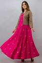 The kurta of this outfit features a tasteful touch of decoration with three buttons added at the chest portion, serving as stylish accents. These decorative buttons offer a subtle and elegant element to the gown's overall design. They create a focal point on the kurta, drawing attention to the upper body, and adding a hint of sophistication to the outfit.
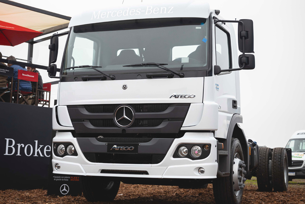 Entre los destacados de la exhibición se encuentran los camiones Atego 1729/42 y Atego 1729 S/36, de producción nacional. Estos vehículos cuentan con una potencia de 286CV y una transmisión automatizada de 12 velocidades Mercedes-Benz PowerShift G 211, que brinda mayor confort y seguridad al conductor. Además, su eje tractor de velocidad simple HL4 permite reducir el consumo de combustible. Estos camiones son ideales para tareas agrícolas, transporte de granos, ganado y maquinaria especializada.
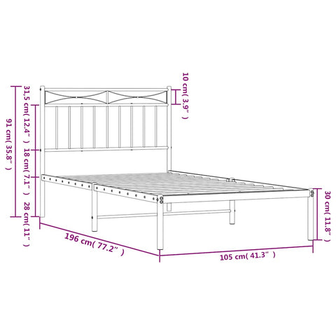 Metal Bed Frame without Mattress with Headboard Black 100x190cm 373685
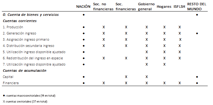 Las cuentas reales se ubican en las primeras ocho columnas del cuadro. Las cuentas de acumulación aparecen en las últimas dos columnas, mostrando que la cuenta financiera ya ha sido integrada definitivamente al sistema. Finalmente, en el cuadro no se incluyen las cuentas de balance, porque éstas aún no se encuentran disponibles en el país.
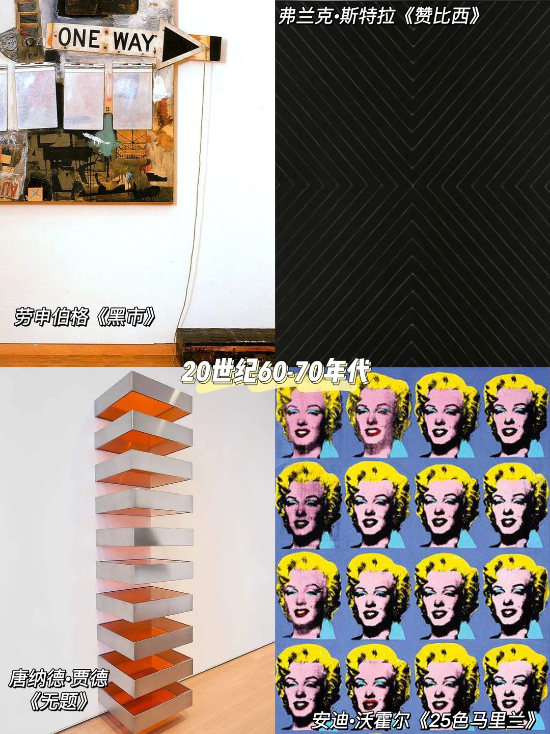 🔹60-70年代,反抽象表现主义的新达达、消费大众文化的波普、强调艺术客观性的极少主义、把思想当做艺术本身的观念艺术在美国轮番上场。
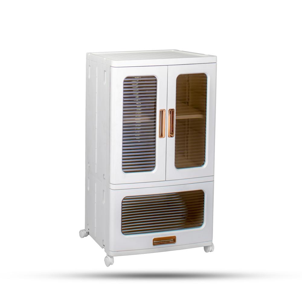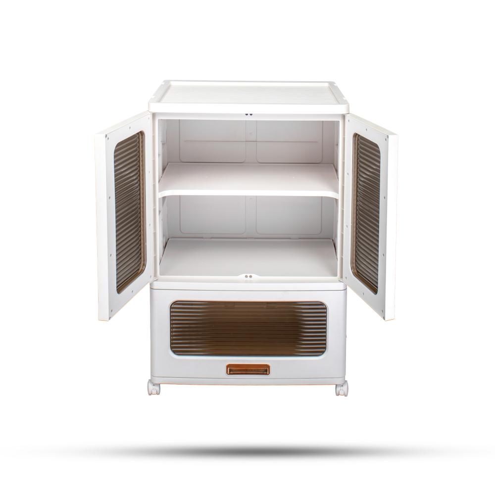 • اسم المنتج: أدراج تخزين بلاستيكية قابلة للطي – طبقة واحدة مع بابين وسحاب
------
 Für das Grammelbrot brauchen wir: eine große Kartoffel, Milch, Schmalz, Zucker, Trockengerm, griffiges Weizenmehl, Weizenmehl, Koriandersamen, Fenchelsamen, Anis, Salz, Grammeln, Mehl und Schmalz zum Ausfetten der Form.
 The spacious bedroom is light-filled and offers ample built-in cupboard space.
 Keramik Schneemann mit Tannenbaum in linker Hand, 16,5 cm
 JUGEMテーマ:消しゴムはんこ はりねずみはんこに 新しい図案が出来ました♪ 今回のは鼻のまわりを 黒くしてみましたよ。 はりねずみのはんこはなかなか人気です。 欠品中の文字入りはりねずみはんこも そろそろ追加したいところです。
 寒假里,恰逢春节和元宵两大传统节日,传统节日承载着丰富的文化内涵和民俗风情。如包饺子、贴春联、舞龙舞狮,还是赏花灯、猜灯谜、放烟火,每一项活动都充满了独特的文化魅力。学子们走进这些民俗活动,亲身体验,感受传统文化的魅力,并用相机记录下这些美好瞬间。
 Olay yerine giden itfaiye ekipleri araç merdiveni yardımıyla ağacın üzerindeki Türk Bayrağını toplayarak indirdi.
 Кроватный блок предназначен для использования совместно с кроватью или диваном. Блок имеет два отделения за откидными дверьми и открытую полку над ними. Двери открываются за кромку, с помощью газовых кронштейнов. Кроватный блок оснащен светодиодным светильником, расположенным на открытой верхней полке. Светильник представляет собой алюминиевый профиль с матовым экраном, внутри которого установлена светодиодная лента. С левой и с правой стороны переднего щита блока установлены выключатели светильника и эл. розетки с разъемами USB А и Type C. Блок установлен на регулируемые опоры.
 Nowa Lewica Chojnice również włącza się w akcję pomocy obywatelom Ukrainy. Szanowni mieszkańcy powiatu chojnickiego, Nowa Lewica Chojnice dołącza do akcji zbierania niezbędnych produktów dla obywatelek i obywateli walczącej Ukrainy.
------
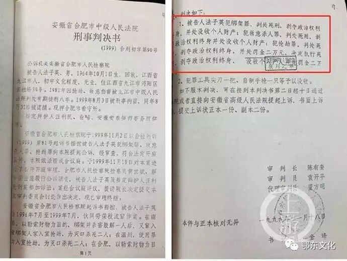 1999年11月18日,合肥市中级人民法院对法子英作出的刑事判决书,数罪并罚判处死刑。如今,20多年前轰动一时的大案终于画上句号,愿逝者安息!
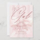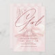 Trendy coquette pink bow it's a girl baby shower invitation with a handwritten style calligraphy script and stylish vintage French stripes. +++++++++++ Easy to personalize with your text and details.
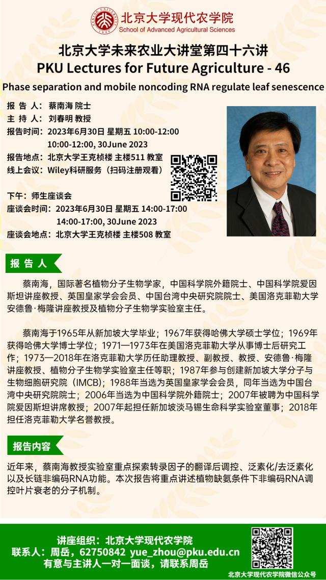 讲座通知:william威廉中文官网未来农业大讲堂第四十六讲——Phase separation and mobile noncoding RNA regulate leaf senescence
------
* **Your goal**
Output exactly the lines above, from the line with "Metal Bed Frame" to the line with "مع بابين وسحاب", both included; skip the pictures.

* **Output**
 Metal Bed Frame without Mattress with Headboard Black 100x190cm 373685
 Las cuentas reales se ubican en las primeras ocho columnas del cuadro. Las cuentas de acumulación aparecen en las últimas dos columnas, mostrando que la cuenta financiera ya ha sido integrada definitivamente al sistema. Finalmente, en el cuadro no se incluyen las cuentas de balance, porque éstas aún no se encuentran disponibles en el país.
 🔹60-70年代,反抽象表现主义的新达达、消费大众文化的波普、强调艺术客观性的极少主义、把思想当做艺术本身的观念艺术在美国轮番上场。
 • اسم المنتج: أدراج تخزين بلاستيكية قابلة للطي – طبقة واحدة مع بابين وسحاب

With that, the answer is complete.